▶ What you will do
Starting with the line that has "Karat® PET lids" in the records below and ending with the line that has "This is a re-edition", output those lines exactly and nothing more; omit the pictures.

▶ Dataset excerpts
···
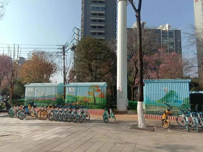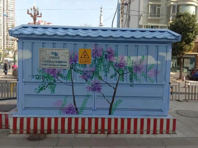 近日,昆明市盘龙区桃源街居民鲁先生发现,在他家附近,原本毫不起眼的变电箱明显变了模样。有的画上了七彩祥云和万事如意图案,跟旁边的春联红包一条街相映成趣。“挺好看的,电箱不像以前那样简陋单调了,还多了几分街头艺术的感觉。”他说。
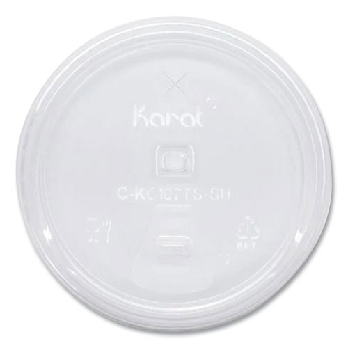 Karat® PET lids are essential in any foodservice operation. They are protected with a double-poly lining both inside and out. Start serving ice-cold fountain drinks, smoothies, milkshakes and more!
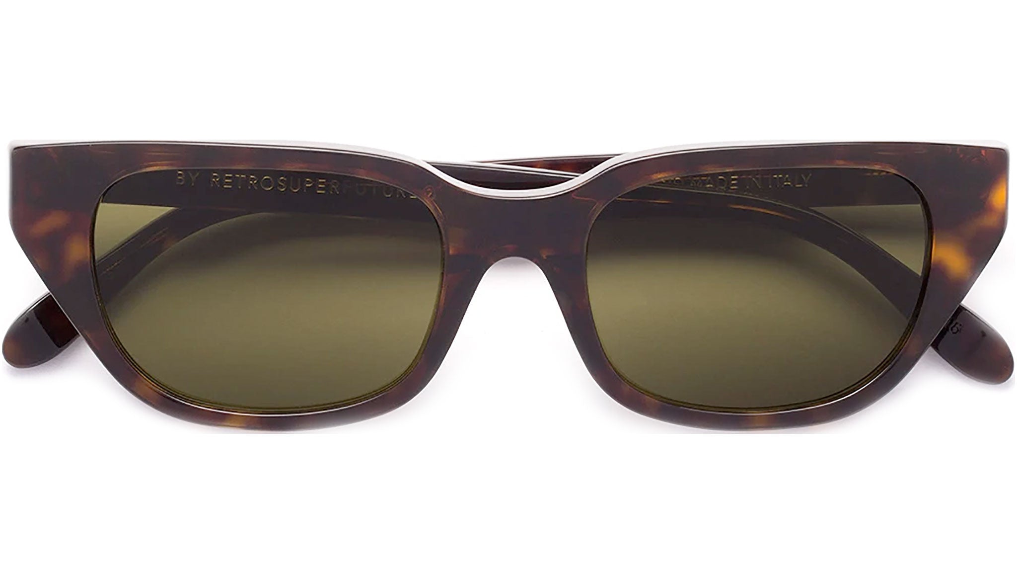 This is a re-edition of Cento, an iconic Super silhouette. The model features a wide horizontal shape with a low-riding and fast design, sturdy rims and low nose-bridge. This version comes with a vibrant Havana acetate with bottle green lenses.
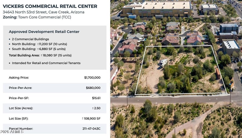 Listing details for 34643 53rd St #-, Cave Creek, AZ 85331 : The Vickers Commercial Retail Center is an approved retail development located at 34643 North 53rd Street in Cave Creek, Arizona. The project
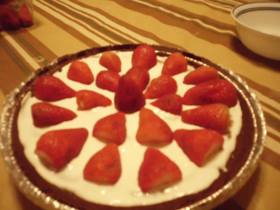 after the cheese cake is cover with sour cream, the next is to take out the strawberries, and cut the stems off, and then cut them or dice them. "Remember you don't have to have whole strawberries".
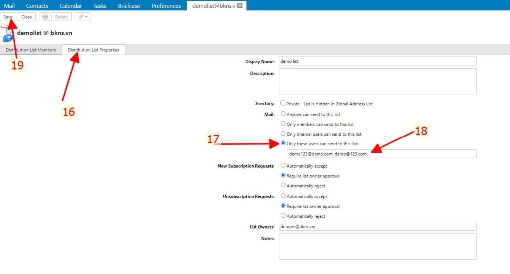 18: Nhập tên các user cho phép gửi tới distribution list, sau khi xong ấn save
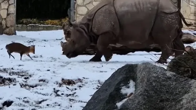 Kecil tapi Berani, Rusa Muntjac ‘Tantang’ Badak Bercula Satu di Kebun Binatang Polandia
···
▶ Solution for this exercise
 Karat® PET lids are essential in any foodservice operation. They are protected with a double-poly lining both inside and out. Start serving ice-cold fountain drinks, smoothies, milkshakes and more!
 This is a re-edition of Cento, an iconic Super silhouette. The model features a wide horizontal shape with a low-riding and fast design, sturdy rims and low nose-bridge. This version comes with a vibrant Havana acetate with bottle green lenses.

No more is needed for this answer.